▸ Exercise: Write each line out exactly, from the one containing "2、點擊加號按鈕可分配人員砍伐樹木,獲取木材資源為營地建設和發展提供材料。" through the final line of the data, and keep pictures out of the copy.

▸ Data segment:
⟨

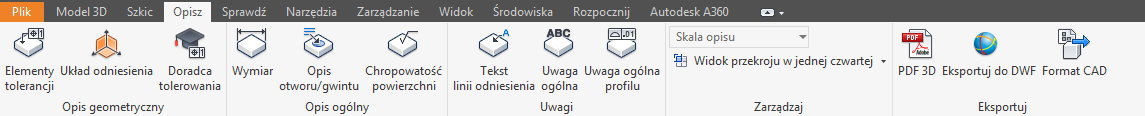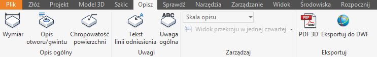 Użyj poleceń dostępnych na karcie Opisz w pliku części lub zespołu, aby dodać opisy 3D do modelu.
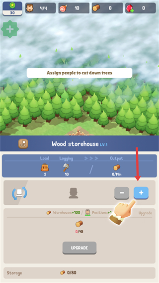 2、點擊加號按鈕可分配人員砍伐樹木,獲取木材資源為營地建設和發展提供材料。
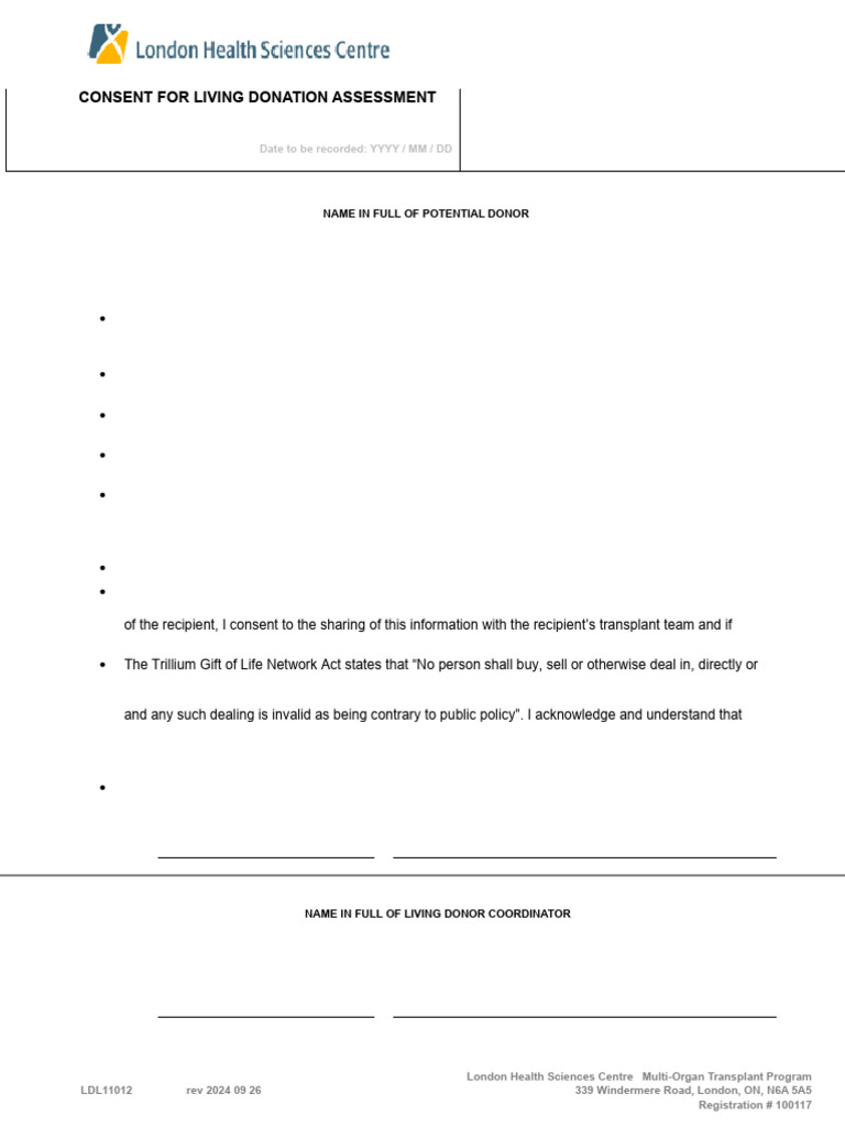 CONSENT FOR LIVING DONATION ASSESSMENT
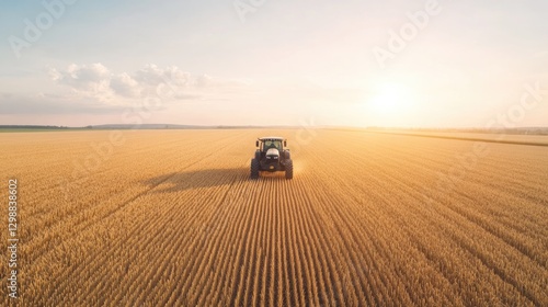 aerial view of vast wheat field with lone tractor moving in perfect lines

⟩

▸ Expected answer:
 2、點擊加號按鈕可分配人員砍伐樹木,獲取木材資源為營地建設和發展提供材料。
 CONSENT FOR LIVING DONATION ASSESSMENT
 aerial view of vast wheat field with lone tractor moving in perfect lines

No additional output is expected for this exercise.